Stored items from a collection
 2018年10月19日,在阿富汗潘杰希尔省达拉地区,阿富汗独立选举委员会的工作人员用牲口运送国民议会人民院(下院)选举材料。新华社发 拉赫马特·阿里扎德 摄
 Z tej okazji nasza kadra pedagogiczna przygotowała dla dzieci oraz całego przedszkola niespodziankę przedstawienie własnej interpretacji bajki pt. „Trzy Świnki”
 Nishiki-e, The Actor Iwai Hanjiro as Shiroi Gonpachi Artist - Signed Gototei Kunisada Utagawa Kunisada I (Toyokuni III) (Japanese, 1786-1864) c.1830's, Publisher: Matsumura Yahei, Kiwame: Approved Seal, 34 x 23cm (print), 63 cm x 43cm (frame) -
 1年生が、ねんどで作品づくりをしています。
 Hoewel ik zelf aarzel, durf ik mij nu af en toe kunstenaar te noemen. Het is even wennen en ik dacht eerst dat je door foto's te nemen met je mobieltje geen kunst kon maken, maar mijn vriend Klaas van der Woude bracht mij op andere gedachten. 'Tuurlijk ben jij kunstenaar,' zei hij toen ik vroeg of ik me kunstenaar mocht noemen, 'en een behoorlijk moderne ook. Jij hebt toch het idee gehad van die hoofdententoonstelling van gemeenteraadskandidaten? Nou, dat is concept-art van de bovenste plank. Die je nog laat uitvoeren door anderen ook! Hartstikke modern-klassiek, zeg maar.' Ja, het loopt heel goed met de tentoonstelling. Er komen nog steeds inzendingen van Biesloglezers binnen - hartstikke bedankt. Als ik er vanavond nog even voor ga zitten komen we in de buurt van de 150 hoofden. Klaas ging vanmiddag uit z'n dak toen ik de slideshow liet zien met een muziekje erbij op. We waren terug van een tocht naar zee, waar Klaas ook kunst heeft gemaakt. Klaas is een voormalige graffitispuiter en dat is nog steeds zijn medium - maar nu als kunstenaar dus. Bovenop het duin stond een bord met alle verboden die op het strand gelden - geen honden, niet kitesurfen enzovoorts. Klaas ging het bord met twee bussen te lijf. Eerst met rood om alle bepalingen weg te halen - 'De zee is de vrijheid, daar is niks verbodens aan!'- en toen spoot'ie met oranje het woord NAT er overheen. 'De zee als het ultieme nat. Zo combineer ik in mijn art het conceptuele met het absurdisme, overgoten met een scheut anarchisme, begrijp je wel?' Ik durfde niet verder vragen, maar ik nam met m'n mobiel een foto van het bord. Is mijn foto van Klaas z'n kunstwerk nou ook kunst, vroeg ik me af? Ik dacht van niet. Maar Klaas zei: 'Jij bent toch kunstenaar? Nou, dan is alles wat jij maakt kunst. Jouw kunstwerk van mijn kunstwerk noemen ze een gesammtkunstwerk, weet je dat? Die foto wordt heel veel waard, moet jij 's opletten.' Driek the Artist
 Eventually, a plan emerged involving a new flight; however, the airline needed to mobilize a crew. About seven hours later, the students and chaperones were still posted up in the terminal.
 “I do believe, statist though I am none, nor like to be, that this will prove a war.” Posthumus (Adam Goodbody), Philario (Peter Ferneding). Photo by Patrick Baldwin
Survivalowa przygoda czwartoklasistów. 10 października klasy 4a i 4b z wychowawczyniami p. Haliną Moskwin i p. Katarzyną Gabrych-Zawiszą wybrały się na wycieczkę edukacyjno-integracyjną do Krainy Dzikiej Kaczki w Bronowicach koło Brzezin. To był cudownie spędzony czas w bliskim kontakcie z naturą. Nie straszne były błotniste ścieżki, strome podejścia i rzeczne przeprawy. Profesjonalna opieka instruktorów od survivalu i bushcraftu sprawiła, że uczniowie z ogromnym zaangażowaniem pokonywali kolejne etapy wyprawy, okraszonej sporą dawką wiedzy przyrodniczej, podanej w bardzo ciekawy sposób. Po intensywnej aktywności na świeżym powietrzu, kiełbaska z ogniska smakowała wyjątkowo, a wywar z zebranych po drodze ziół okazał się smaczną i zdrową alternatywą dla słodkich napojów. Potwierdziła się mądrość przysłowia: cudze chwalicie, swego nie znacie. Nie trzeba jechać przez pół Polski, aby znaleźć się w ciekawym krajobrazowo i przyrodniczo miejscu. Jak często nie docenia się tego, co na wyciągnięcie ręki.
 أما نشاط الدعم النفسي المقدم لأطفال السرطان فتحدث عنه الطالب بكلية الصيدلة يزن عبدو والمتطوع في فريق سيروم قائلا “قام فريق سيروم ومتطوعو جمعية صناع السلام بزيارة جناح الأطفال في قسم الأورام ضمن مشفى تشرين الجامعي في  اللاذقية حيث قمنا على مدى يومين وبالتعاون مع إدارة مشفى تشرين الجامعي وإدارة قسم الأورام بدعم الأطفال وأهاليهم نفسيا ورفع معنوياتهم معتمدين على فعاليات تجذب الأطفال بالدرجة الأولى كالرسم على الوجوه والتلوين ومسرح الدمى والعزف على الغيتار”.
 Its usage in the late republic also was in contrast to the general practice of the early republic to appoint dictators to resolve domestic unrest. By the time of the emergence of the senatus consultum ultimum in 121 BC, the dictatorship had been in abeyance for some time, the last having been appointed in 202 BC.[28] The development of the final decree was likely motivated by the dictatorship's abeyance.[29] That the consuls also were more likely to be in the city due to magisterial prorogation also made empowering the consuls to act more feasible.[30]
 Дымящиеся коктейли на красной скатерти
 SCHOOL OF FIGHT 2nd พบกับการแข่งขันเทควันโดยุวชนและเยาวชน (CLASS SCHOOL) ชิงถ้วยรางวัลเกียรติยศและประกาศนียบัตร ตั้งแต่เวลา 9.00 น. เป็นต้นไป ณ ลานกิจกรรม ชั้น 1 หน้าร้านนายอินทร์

EXERCISE INSTRUCTIONS: For each line in the records that contains the word "were", make a copy.

ANSWER SPACE:
 Eventually, a plan emerged involving a new flight; however, the airline needed to mobilize a crew. About seven hours later, the students and chaperones were still posted up in the terminal.
 Its usage in the late republic also was in contrast to the general practice of the early republic to appoint dictators to resolve domestic unrest. By the time of the emergence of the senatus consultum ultimum in 121 BC, the dictatorship had been in abeyance for some time, the last having been appointed in 202 BC.[28] The development of the final decree was likely motivated by the dictatorship's abeyance.[29] That the consuls also were more likely to be in the city due to magisterial prorogation also made empowering the consuls to act more feasible.[30]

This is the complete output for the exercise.